- [Action item]: Write out the records that appear below, verbatim and complete, but without pictures.

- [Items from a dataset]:
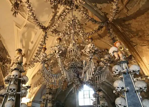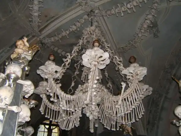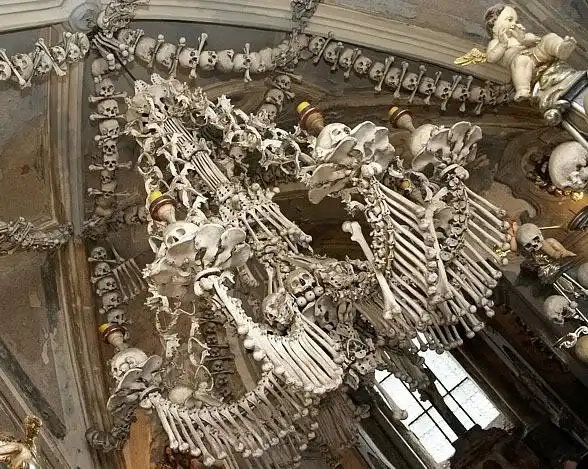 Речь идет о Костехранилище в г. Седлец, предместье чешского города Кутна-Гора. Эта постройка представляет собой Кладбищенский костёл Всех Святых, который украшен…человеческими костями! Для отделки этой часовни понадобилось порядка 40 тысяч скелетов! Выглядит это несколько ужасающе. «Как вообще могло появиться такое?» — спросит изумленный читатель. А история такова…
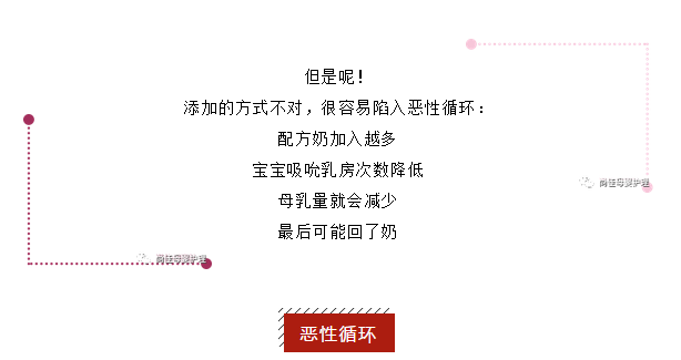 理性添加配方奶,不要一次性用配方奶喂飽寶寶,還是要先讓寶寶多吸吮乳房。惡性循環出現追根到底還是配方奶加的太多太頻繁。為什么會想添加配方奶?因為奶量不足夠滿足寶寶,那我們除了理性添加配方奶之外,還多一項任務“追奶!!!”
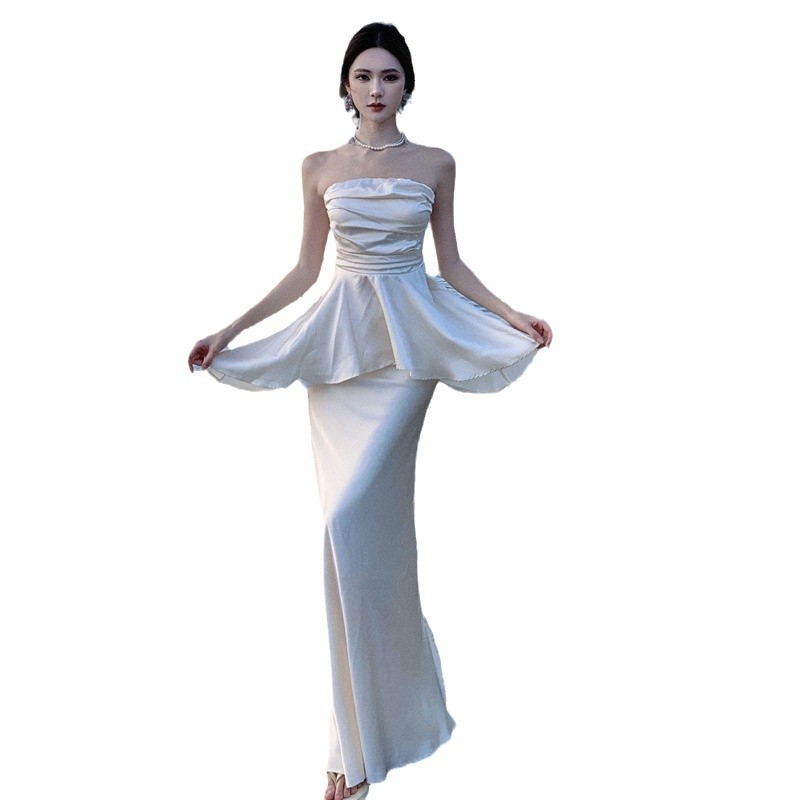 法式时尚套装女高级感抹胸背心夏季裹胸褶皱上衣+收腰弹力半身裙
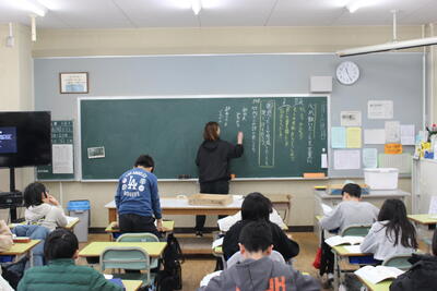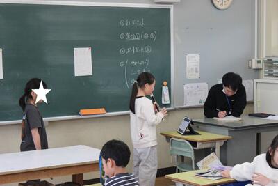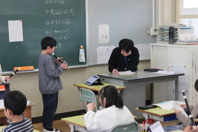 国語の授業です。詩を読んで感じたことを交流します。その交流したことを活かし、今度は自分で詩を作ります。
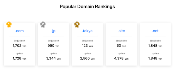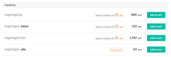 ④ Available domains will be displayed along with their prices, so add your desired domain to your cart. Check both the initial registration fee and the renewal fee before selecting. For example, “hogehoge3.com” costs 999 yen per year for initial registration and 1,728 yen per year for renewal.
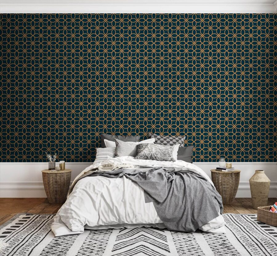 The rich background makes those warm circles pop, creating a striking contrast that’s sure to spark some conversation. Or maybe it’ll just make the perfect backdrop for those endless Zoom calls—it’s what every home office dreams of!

- [Answer box]:
 Речь идет о Костехранилище в г. Седлец, предместье чешского города Кутна-Гора. Эта постройка представляет собой Кладбищенский костёл Всех Святых, который украшен…человеческими костями! Для отделки этой часовни понадобилось порядка 40 тысяч скелетов! Выглядит это несколько ужасающе. «Как вообще могло появиться такое?» — спросит изумленный читатель. А история такова…
 理性添加配方奶,不要一次性用配方奶喂飽寶寶,還是要先讓寶寶多吸吮乳房。惡性循環出現追根到底還是配方奶加的太多太頻繁。為什么會想添加配方奶?因為奶量不足夠滿足寶寶,那我們除了理性添加配方奶之外,還多一項任務“追奶!!!”
 法式时尚套装女高级感抹胸背心夏季裹胸褶皱上衣+收腰弹力半身裙
 国語の授業です。詩を読んで感じたことを交流します。その交流したことを活かし、今度は自分で詩を作ります。
 ④ Available domains will be displayed along with their prices, so add your desired domain to your cart. Check both the initial registration fee and the renewal fee before selecting. For example, “hogehoge3.com” costs 999 yen per year for initial registration and 1,728 yen per year for renewal.
 The rich background makes those warm circles pop, creating a striking contrast that’s sure to spark some conversation. Or maybe it’ll just make the perfect backdrop for those endless Zoom calls—it’s what every home office dreams of!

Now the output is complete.